**How to complete this task:** Apart from the pictures, every record here must be copied word for word.

-=-=-=-=-

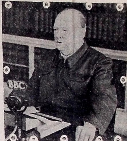
O Primeiro Ministro Britânico Winston Churchill, diante do microfone da B. B. C. durante um de seus famosos discursos que são irradiados para o mundo inteiro. Na fotografia aparece vestindo seu já conhecido "siren suit".

MORREU O EX-PREMIER AUSTRIACO ESTOCOLMO, 26 (U. P.). — O ex-primeiro ministro austriaco Schussnig morreu num
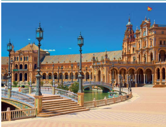
Plaza de España

Strona zawiera pięć działów poświęconych hiszpańskiej turystyce, kuchni, winom, kulturze i pogodzie. Prowadzona jest przez podróżnika, iberystę, znawcę win hiszpańskich.
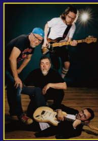
The Red Hot
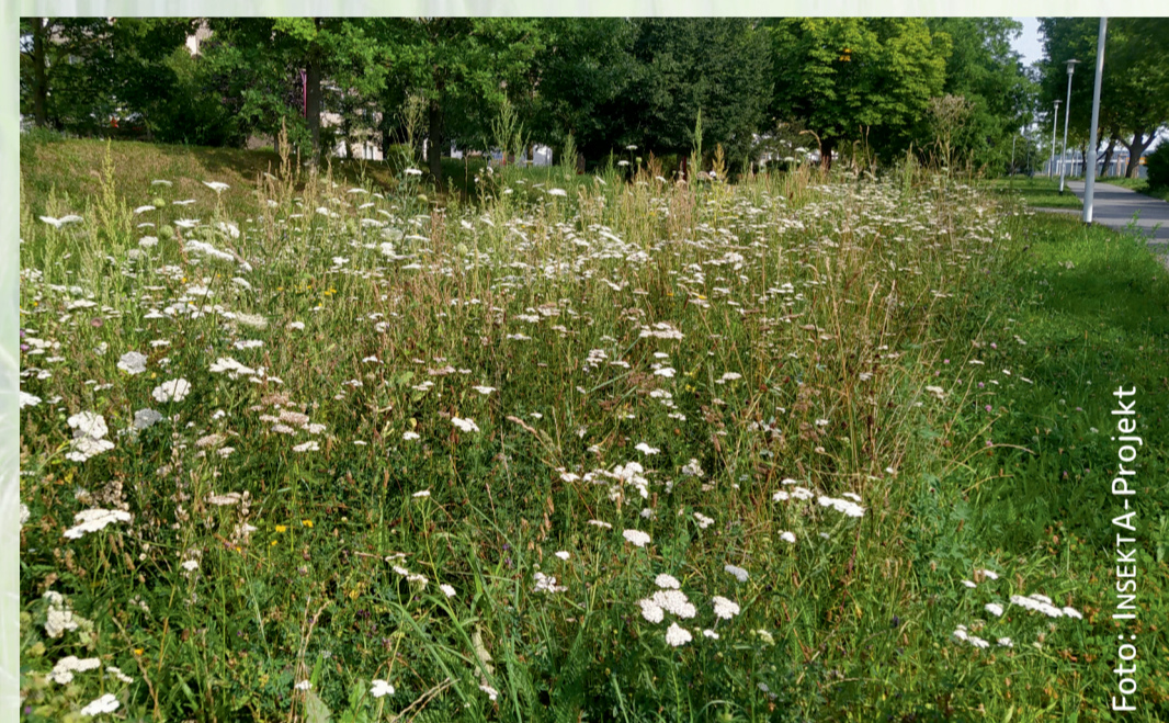
Blühender Saum im Stadtgebiet.
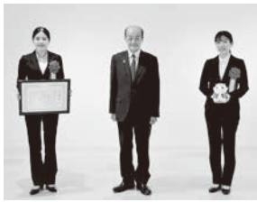
東海学院大学医療栄養学科

-=-=-=-=-

**Reply:**
O Primeiro Ministro Britânico Winston Churchill, diante do microfone da B. B. C. durante um de seus famosos discursos que são irradiados para o mundo inteiro. Na fotografia aparece vestindo seu já conhecido "siren suit".

MORREU O EX-PREMIER AUSTRIACO ESTOCOLMO, 26 (U. P.). — O ex-primeiro ministro austriaco Schussnig morreu num
Plaza de España

Strona zawiera pięć działów poświęconych hiszpańskiej turystyce, kuchni, winom, kulturze i pogodzie. Prowadzona jest przez podróżnika, iberystę, znawcę win hiszpańskich.
The Red Hot
Blühender Saum im Stadtgebiet.
東海学院大学医療栄養学科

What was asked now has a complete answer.